Irreversible electroporation (at lower frequencies) has been used in clinical settings to treat cancers of the liver and pancreas. The enhanced selectivity of the combined ephrin-H-FIRE treatment raises the possibility of using lower voltages for electroporation, reducing the risk to healthy cells without compromising the effectiveness of the treatment.

For glioblastoma, which rapidly invades healthy brain tissue, this would be especially useful around the diffuse edges of the tumor, where malignant cells are scattered among normal ones.

The researchers are continuing to investigate the mechanism underlying the synergy between ephrin and H-FIRE; they’re also moving towards clinical applications of the technique for treating glioblastoma.

Verbridge and Davalos have won a grant from the National Institutes of Health to pursue those applications, collaborating with John Roberston, a research professor of biomedical engineering and mechanics, and John Rossmeisl, a professor of neurology and neurosurgery at the Virginia-Maryland College of Veterinary Medicine.
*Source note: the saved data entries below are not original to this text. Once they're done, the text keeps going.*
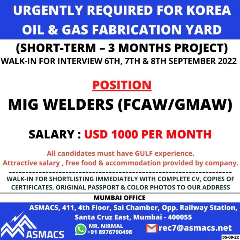 URGENTLY REQUIRED FOR KOREAOIL & GAS FABRICATION YARD(SHORT-TERM – 3 MONTHS PROJECT)WALK-IN FOR INTERVIEW 6TH, 7TH & 8TH SEPTEMBER 2022POSITIONMIG …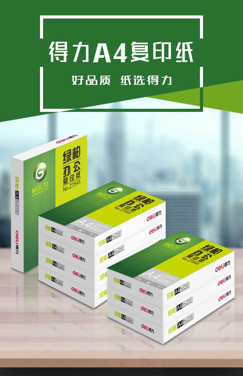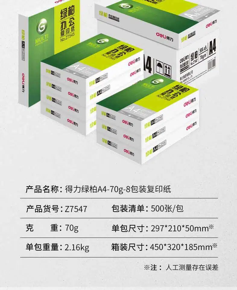 deli得力deli绿柏复印纸打印白纸木尚A4 70g整箱白纸500张/包办公用纸 绿柏70克A4-8包 绿柏70克A48包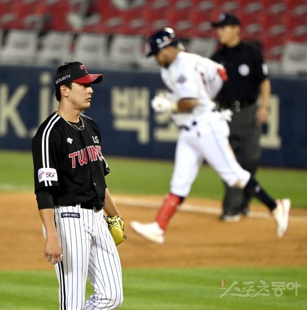 LG 최동환이 6회말 1사 두산 페르난데스에게 우월 솔로 홈런을 허용하고 있다.
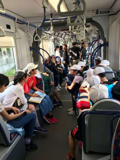 50分の電車の旅です。他府県の修学旅行生も乗っています。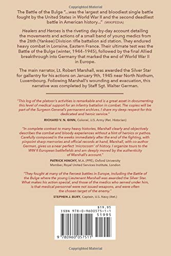 The Battle of the Bulge “... was the largest and bloodiest single battle fought by the United States in World War II and the second deadliest battle in American history ..." — Wikipedia Healers and Heroes is the riveting day-by-day account detailing the movements and actions of 22 men from the 26th (Yankee) Division rifle battalion aid station. After landing on the French coast of Normandy in September 1944, they endured heavy combat in Lorraine, Eastern France. Their ultimate test was the Battle of the Bulge across the Ardennes during the winter of 1944–1945, followed by the final Allied breakthrough into Germany that marked the end of World War II in Europe. Main narrator Lt. Robert Marshall was awarded the Silver Star for gallantry for his actions on January 9th, 1945 near North Nothum, Luxembourg. Following Marshall’s wounding and evacuation, this narrative was completed by Staff SGT Walter German. "The log of the platoon’s activities that was kept by Robert Marshall is remarkable and is a great asset in documenting this level of medical support for an infantry battalion in combat. The copies will be part of the Surgeon General’s permanent archives. I share my deep respect for his dedicated and heroic service." — Richard V. N. Ginn, Colonel, U.S. Army (Ret. Historian) "In complete contrast to many heavy histories, Marshall clearly and objectively describes the combat and bloody experiences without a hint of heroics or pathos. Carefully composed and written by Marshall, with co-author German, in the weeks immediately after the end of the fighting, while they still had pinpoint sharp memories and official records at hand, this account gives us a near perfect 'microcosm' of history. I organize tours to the WW II European battlefields, and am deeply moved by the authenticity of thus account." — Patrick Hinchy, M.A. (P.P.E.), Oxford University Member, Chatham House, London Member, Royal United Services Institute, London "They fought at many of the fiercest battles in Europe, including the Battle of the Bulge where the young Lieutenant Marshall was awarded the Silver Star. What makes his action special, and those of the medics who served under him, is that medical personnel were not issued weapons, and were often the chosen target of the enemy." — Stephen J. Bury, Captain, U.S. Navy (Ret.)

Glioblastoma treatment is an active area of research across the university, pulling together faculty from the College of Engineering, the College of Science, the Virginia Tech Carilion Research Institute, and the Virginia-Maryland School of Veterinary Medicine.

Verbridge, Davalos, Ivey, and Robertson are all affiliated with the Virginia Tech - Wake Forest University School of Biomedical Engineering and Sciences, which is supported in part by the Institute for Critical Technology and Applied Science.